Established in 1962 by Holocaust survivor Maurice Duman, this clothier at 438 E. Colfax Ave., just two blocks east of the state Capitol, has outfitted a long line of politicians, sports figures, restaurant workers and wedding parties, including governors of Colorado starting with John Love in the 1960s. Ever efficient, right down to their well-tempered sewing machines and tape measures worn around their necks, the shop's attendants seem right out of the Seventh Avenue branch of Central Casting. Their expertise with needle and thread is what you long for when you're rifling through the racks of supposedly ready-to-wear at a discount department store.

  1. H. Zietz, originator of the Buckhorn Exchange, poses at the restaurant circa 1930. (Denver Public Library/Western History Dept)
  2. The Buckhorn Exchange.

Perhaps the best place in Denver to take out-of-state visitors for a taste of the Old West, the Buckhorn was founded in 1893 by a former scout for Buffalo Bill, and still exudes much of its original flavor, chiefly through its astonishing collection of game trophies, which adorn the walls like onlookers at a carnivore's parade. (Don't miss the two-headed calf). The restaurant and upstairs bar, across the street from a light-rail station at West 10th Avenue and Osage Street, have served generations of diners ranging from railroad workers to U.S. presidents, and continue to woo new patrons with a hearty mixture of meat and museum-quality memorabilia.

  1. The Yellow Wall.

This billboard-sized sculpture, on the west edge of the Denver Design Center at 600 S. Broadway, consists of a stack of 33 huge concrete beams, each cantilevered out from a central axis like a huge vertical fan. Officially called the "Articulated Wall," it is part of the collection of the Denver Art Museum, and was designed by the noted Bauhaus artist Herbert Bayer, who lived in Aspen for years before his death in 1985. According to a plaque at its base, he intended for the wall "to be viewed not only from close up, but especially from Interstate 25, where it seems to change shape when seen from a moving car." For a more exhilarating view, however, try standing next to it and looking straight up on a clear sunny day, when the bright yellow mass contrasts boldly with the bright blue sky.
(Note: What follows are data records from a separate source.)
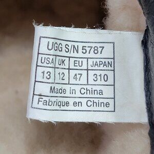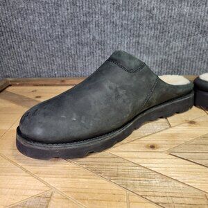 UGG Classic Clogs Men's 13 Smooth Black Leather Sheepskin Slip-On Slippers.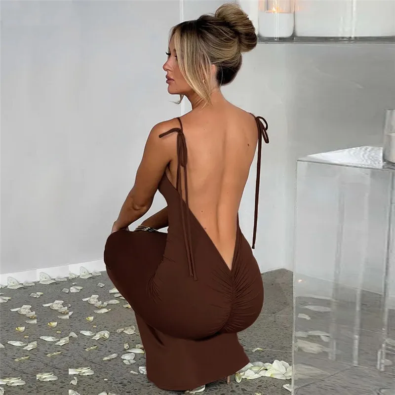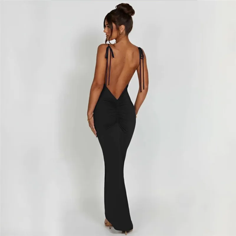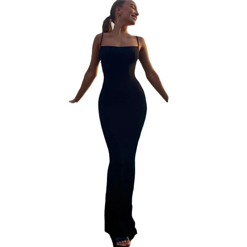 Wholesale Women's Sheath Dress Sexy Square Neck Backless Sleeveless Solid Color Maxi Long Dress Cocktail Party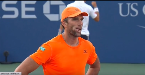 写真はカルロビッチがロブでなんとか返して、錦織がシュート回転がかかったスマッシュストロークで決めたところです。あまりに翻弄されて立ち尽くすカルロビッチ。。。印象的なシーンでした。(動画UPしてます)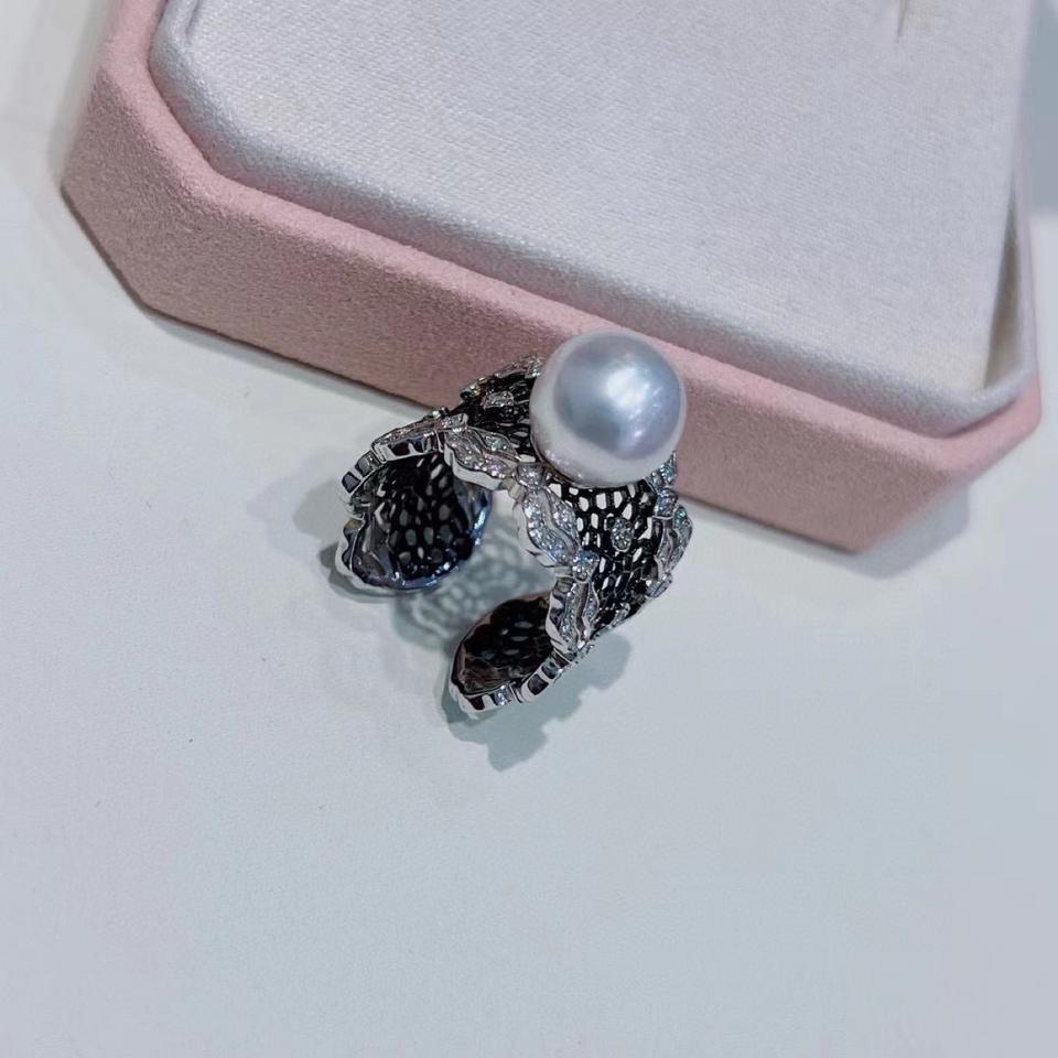 Design 10-11mm Round Natural Pearl Ring S925 Silver with Lace Hollow Handcrafted Strong Light Fine Flaws Ring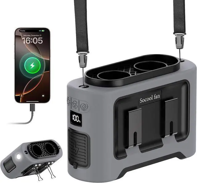 5-in-1 Multifunctional Waist Clip FanThe portable waist fan functions as a waist clip fan, neck fan, desk fan, and handheld fan. Clipped it onto your clothes, shirts, and pants, hang it around your neck, or prop it up on a table with the kickstand, keeping your hands free. Designed with a bottom air intake, the portable belt clip fan deliveries a strong and unobstructed airflow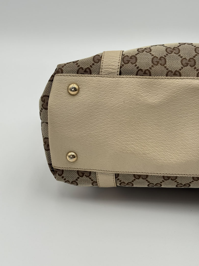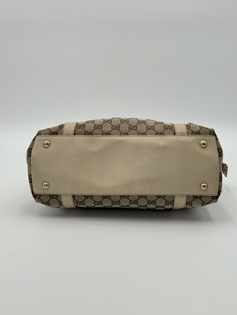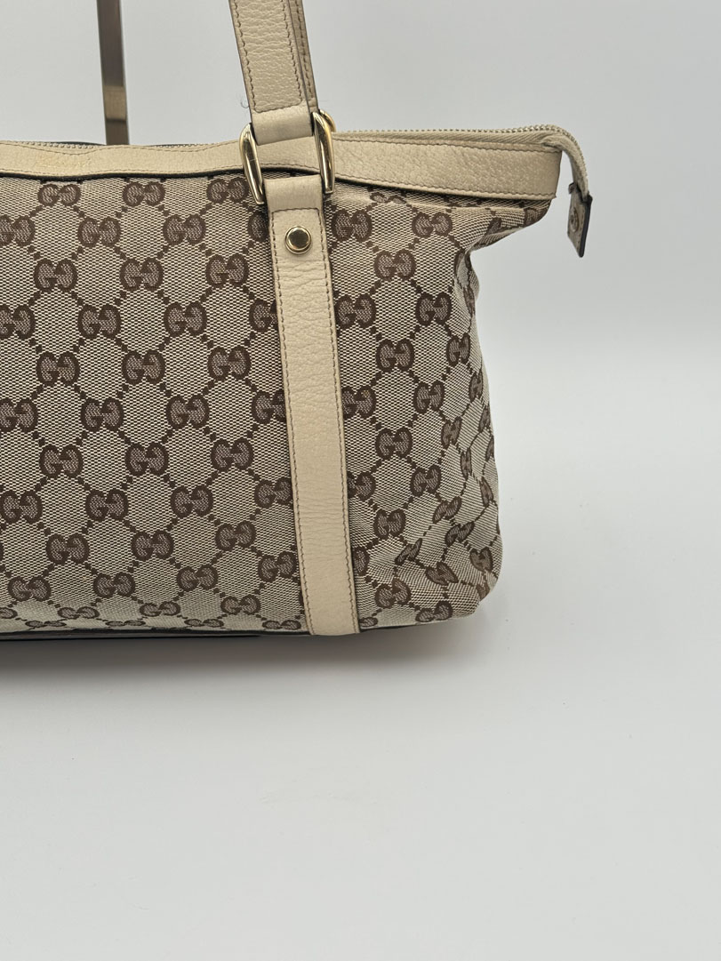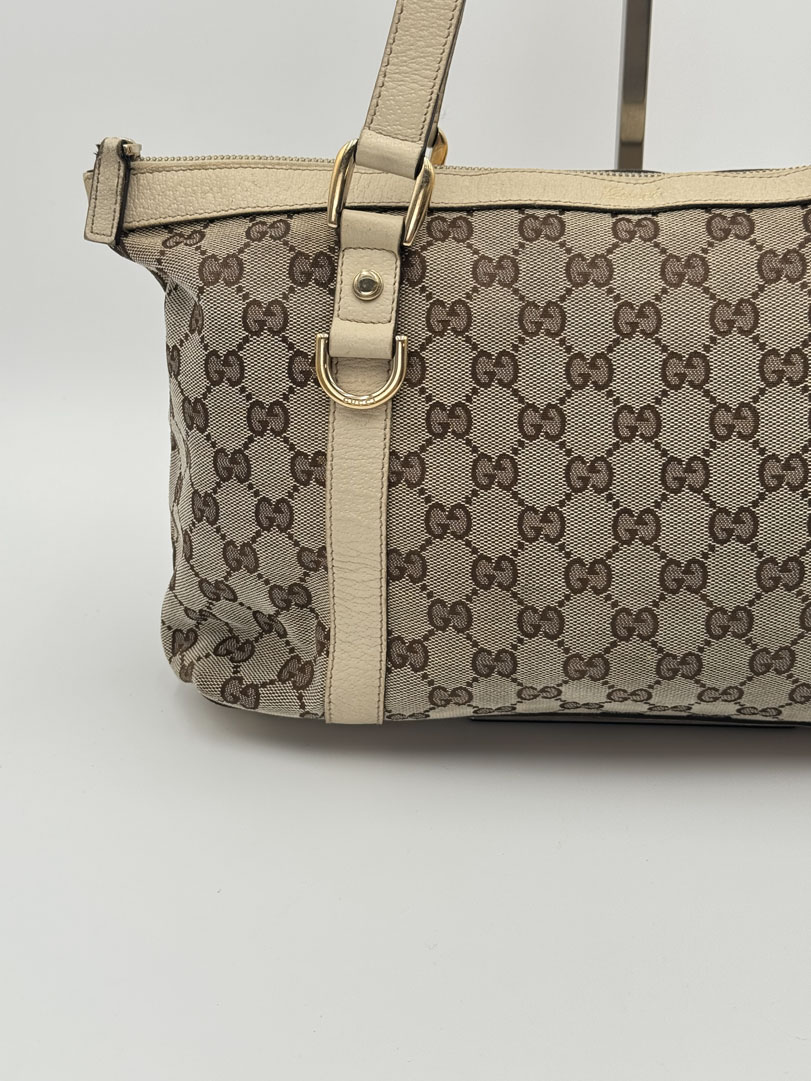 This vintage Gucci D-Ring Abbey Shoulder Bag is a shoulder bag made from white GG canvas with champagne-tone hardware. The item is in very good condition, showing some user signs such as discoloration of the white leather. The interior is clean and features an extra pocket, and the zipper functions properly. The serial number is 141470 204991, and the dimensions are 38 x 22 x 10 cm.

  1. Davies' Chuck Wagon Diner.

This vintage eatery at 9495 W. Colfax Ave., where you can still get a steak-and-eggs breakfast for under five bucks, has been a Lakewood landmark since the 1950s, when U.S. 40 was the main route into the Rockies. All gloss, glass and metal siding, it's got tabletop units for playing the jukebox, an inert horse standing watch over the entrance, and booths with brown upholstery that matches the color of the ceramic coffee mugs. The diner's most notable feature, though, may be the big neon sign out front, which sports the most welcoming cowboy this side of Wendover, Nev.
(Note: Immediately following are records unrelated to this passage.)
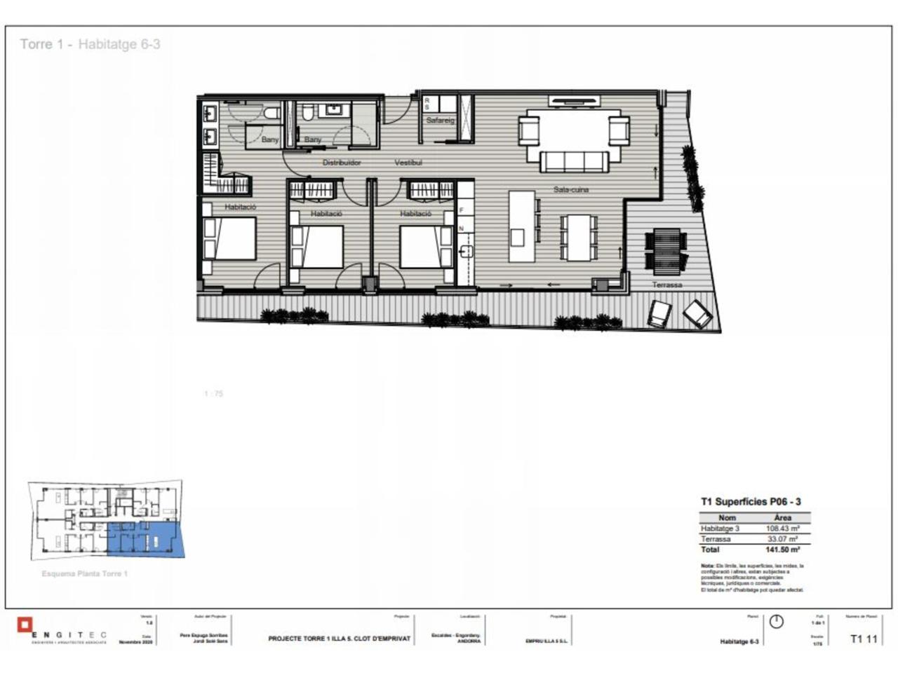 Pis de nova construcció d’alt standing en venda al centre d’Escaldes. Al punt més alt del Clot d’Emprivat es construeix un conjunt arquitectònic singular de tres torres en una mateixa illa urbana, amb l’obertura de façanes als 4 carrers (Consell de la Terra, Nacions Unides, François Mitterrand i Constitució). El projecte comprèn la construcció de tres torres de 10, 15 i 20 plantes i comptarà amb 274 places d’aparcament i 103 trasters. La primera fase s’inicia amb la torre de 15 plantes i tindrà la següent distribució: -Tres plantes comercials -Sis habitatges de dues habitacions de 74 i 85m² -Vint-i-cinc habitatges de tres habitacions de 98 i 111m² -Vuit habitatges de quatre habitacions entre 118 i 141m² Tots els habitatges disposen de terrasses perimetrals amb vistes panoràmiques d’una superfície d’entre 11 i 32m². Amb uns acabats de màxima qualitat i una aposta per l’eficiència energètica (climatització amb aerotèrmica). El preu de la plaça d´aparcament és a partir de 34.000 euros i el traster a partir de 5.000 euros.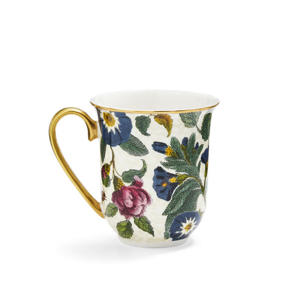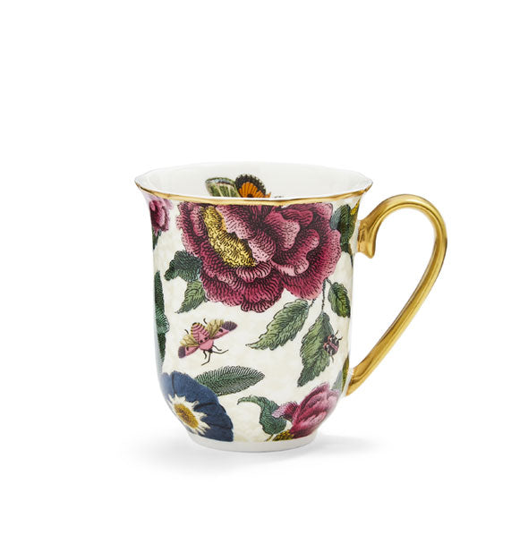 Add a bit of extra sweetness to your next comfort beverage with this lavish mug featuring dancing butterflies among lush florals, accented by hand-painted 22K gold details on its rim and handle. Inspired by the the Victorian era’ss fascination with all things wonderful in the natural world, this piece rebels against the ordinary and rejoices in the uncommon! Crafted from fine china. Mug holds approximately 12 fl. oz. Hand wash.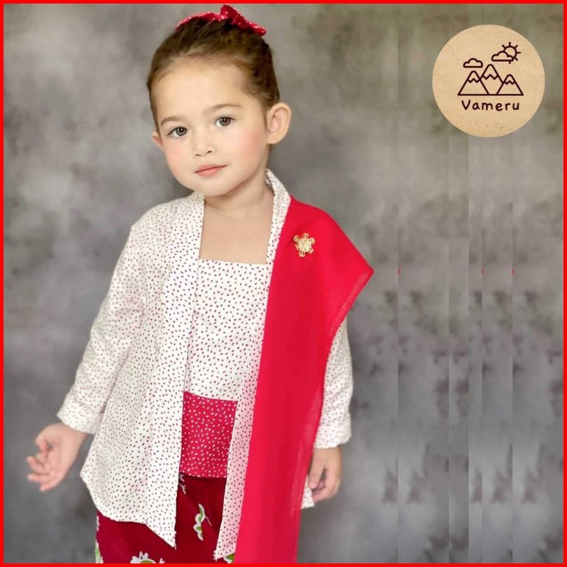 Vameru - Kebaya Anak Vameru Merah Putih Kutubaru Setelan Batik Setelan Katun Jepang Ayam Simbok

  1. Red Rocks Trading Post.

Built in the 1930s by the Civilian Conservation Corps, this pueblo-style edifice on the south side of Red Rocks amphitheater west of Morrison houses a visitor center, souvenir shop and rock-music museum of sorts. Like, where else can you find a photo of the Grateful Dead with a chronological listing of all the shows they ever performed at Red Rocks? Not to mention, for $195 apiece, small benches made from sections of the venue's original wooden seats, complete with number tags still attached. The trading post's nicest amenity may be its back deck, which offers a stunning view of some of the park's namesake rocks and seems just the place to collect your thoughts over coffee on a sunny weekend morning.

  1. The "Sleeper" House.

This distinctive white residence near the crest of Genesee Mountain, also known as the Taco House, the Clamshell or the Sculptured House, has long served as a signal to travelers on Interstate 70 that they are finally getting into or out of the mountains. But to baby boomers, it is not only a geographical but a cultural reference point, for it was a key part of the set in Woody Allen's 1973 movie "Sleeper," in which he played a musician who went in for minor surgery and woke up 200 years later, having been cryogenically preserved. Several other futuristic buildings around the Denver area were depicted in the film as well, including the atrium at the Botanic Gardens, the then-brand-new Mile Hi Church of Religious Science, and the I.M. Pei-designed NCAR campus above Boulder.